Over the years, Patti Page sold more than a hundred million records, but she did not always get a lot of respect from music critics. In fact, she was an accomplished singer whose repertoire (and fans) spanned genres. She began as a country singer but is probably best know for her pop hits. Her voice was sure, and she always retained a certain country twang.
Of her well-known songs, “Tennessee Waltz,” “Old Cape Cod,” and “Allegheny Moon.” are my favorites. I am fond of her occasional use of overdubbing, allowing her to act as her own backup singers. (A good example of this technique can be heard in her original recording of “Old Cape Cod.”) “Doggie in the Window” is unforgettable, but a bit cute for my taste.

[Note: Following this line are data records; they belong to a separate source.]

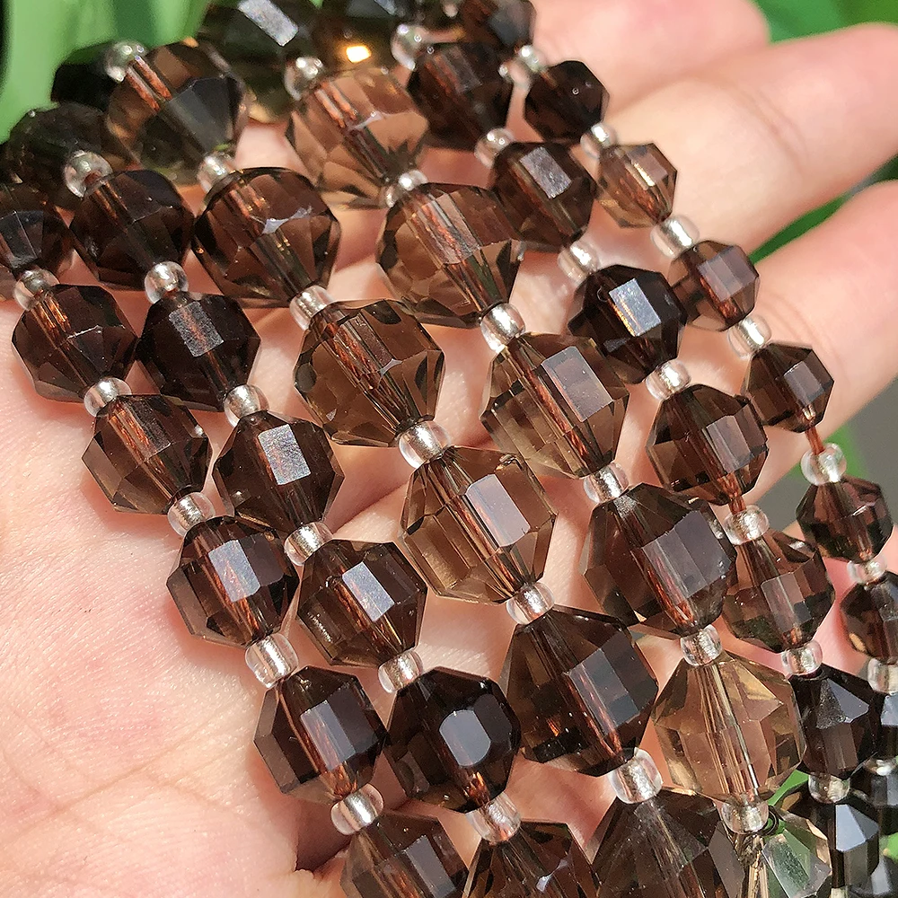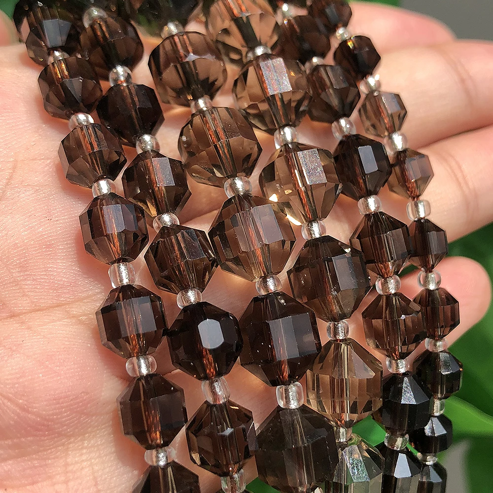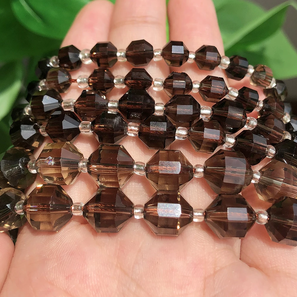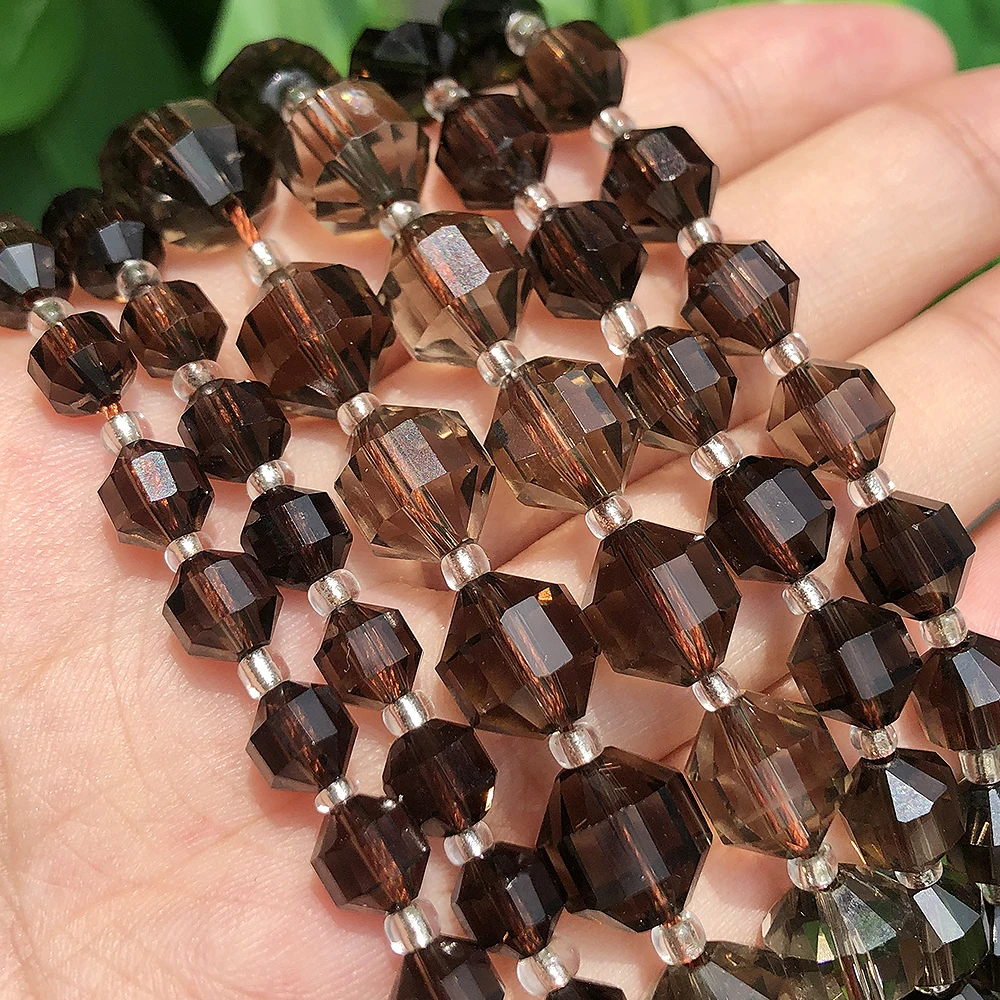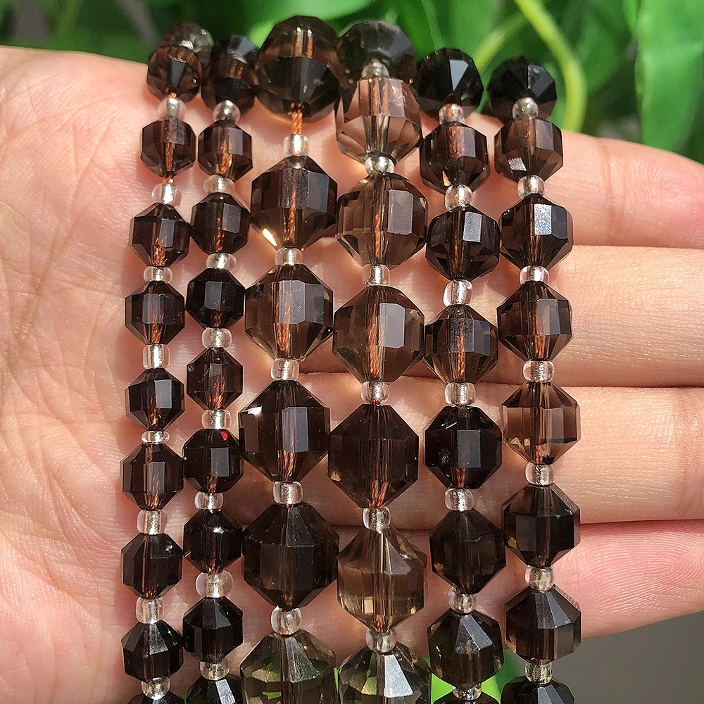 Бусины Из дымчатого кварца ограненный природный камень AAA, двухконусная форма, незакрепленные бусины для самостоятельного изготовления ювелирных изделий, браслет 6 мм, 8 мм, 10 мм, 7,5 дюйма
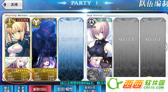 在队伍编制界面,玩家可以设置自己队伍的构成,包括最多5名己方从者+1名好友援助从者的队伍。
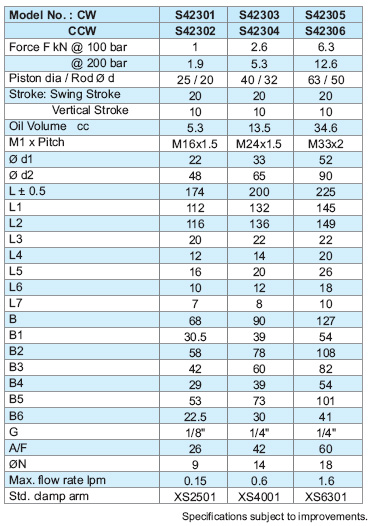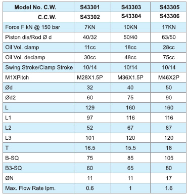 - Given forces are for the standard arm lever. Pressure & flow should be reduced if clamp arm length is increased (Refer Graph sheet No. G1).
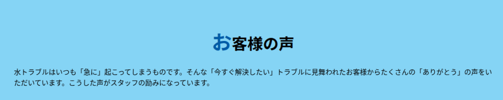 同社クジラの水道屋さんに寄せられたお客様の声より、サービスへの評価に焦点を絞って抜粋。
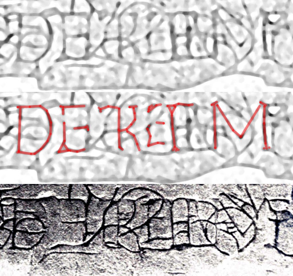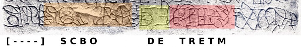 Stel dat de steen toch ouder is dan de tiende of negende eeuw. “DE TRETM” is dan toch het bewijs, al ware de steen Romeins, dat Vollgraff toch ongelijk had. Want als de steen uit de christelijke tijd is, is de vermelding ‘TRAJECTUM‘ triviaal en dus niet zo interessant. Wij weten hoe bisschoppen hun stad noemden. TRETM is pas significant als het een Romeinse inscriptie betreft. Want als het hier Trajectum heette, heette het geen Abiobola (gaat de gedachtegang) en moet Vollgraff ongelijk hebben. Nu is de TR ligatuur eigenlijk niet onmogelijk. Goed gevonden, een tijd welbesteed..
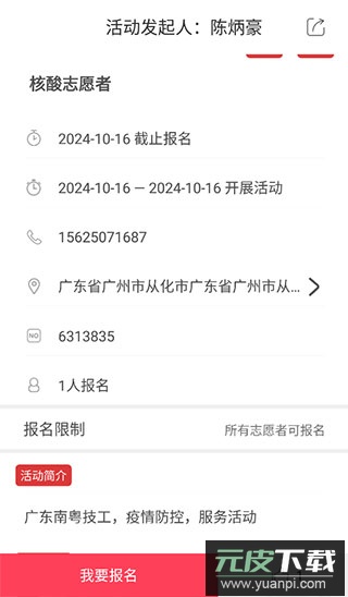 5、点击进入后,可以查看活动的报名截止时间、地点、联系方式、报名人数及活动内容介绍,点击“我要报名”即可参加。
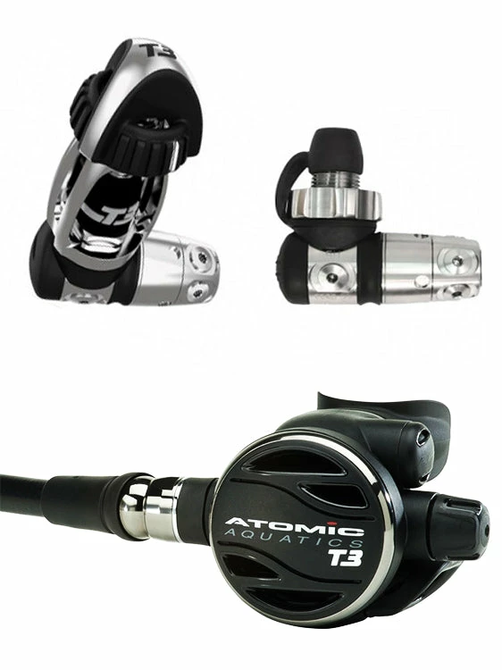 Precision machined from solid titanium billet the Atomic Aquatics T3 factory sealed first stage features the comfort swivel with black PVD coating and ‘Jet Seat’ high flow piston. The second stage has been optimised with a high flow stage case and lever design to lower breathing effort. The T3 has been specially designed to be not only the lightest reg in the world but also to safely have a 3 year/ 300 dive service interval and non contingent lifetime warranty, making this reg perfect for travels and diving in exotic location where service centres may be hard to find. Nitrox ready up to 40%.
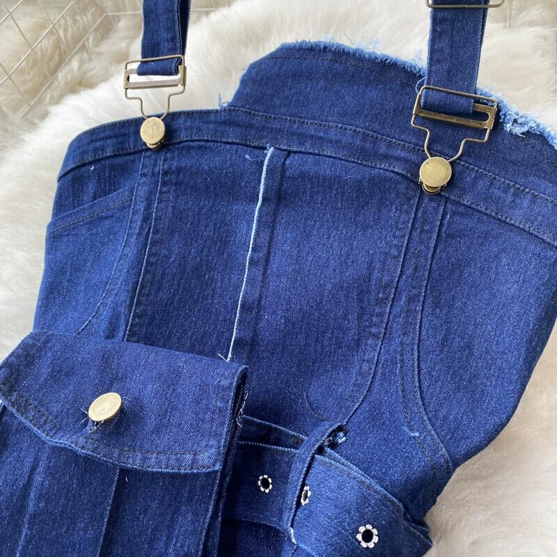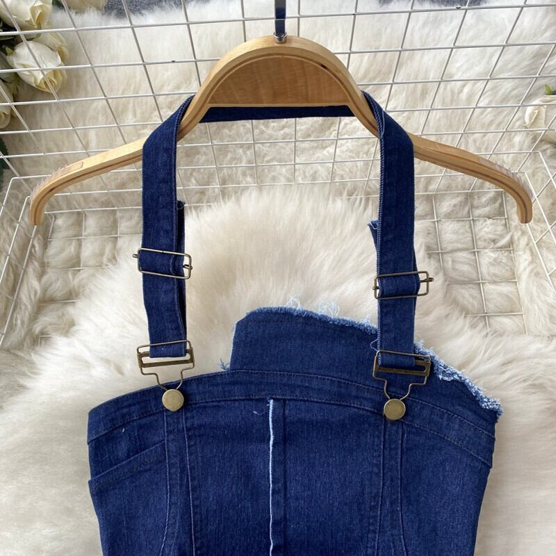 アメリカのぶら下げネックチューブトップデニムスカート女性の夏スリットウエストバッグヒップ生エッジレトロデザインセクシーなドレス サマー 夏物 lyxaj55642722607

I own only one Patti Page album, the 1956 In the Land of Hi-Fi (see photo). It is perhaps out of the mainstream of her oeuvre, but it is a prized element of my record collection. My mother bought the album for me along with several other discs to build up my meager LP collection shortly after I got my first phonograph capable of playing LPs.
In the Land of Hi-Fi includes songs by Cole Porter, George and Ira Gershwin, Rodgers and Hart, and others. The jazz arrangements on the album are by Pete Rugolo, who also conducts an orchestra of 23 musicians. I have a hard time picking favorite tracks from this album, but I will mention a few favorites: “Love for Sale,” “The Thrill is Gone,” and “Taking a Chance on Love.” This is the album that convinced me that Patti Page was a singer to be taken seriously.
Patti Page was to receive a Grammy for lifetime achievement in February. Unfortunately, the award will be posthumous. I will miss her.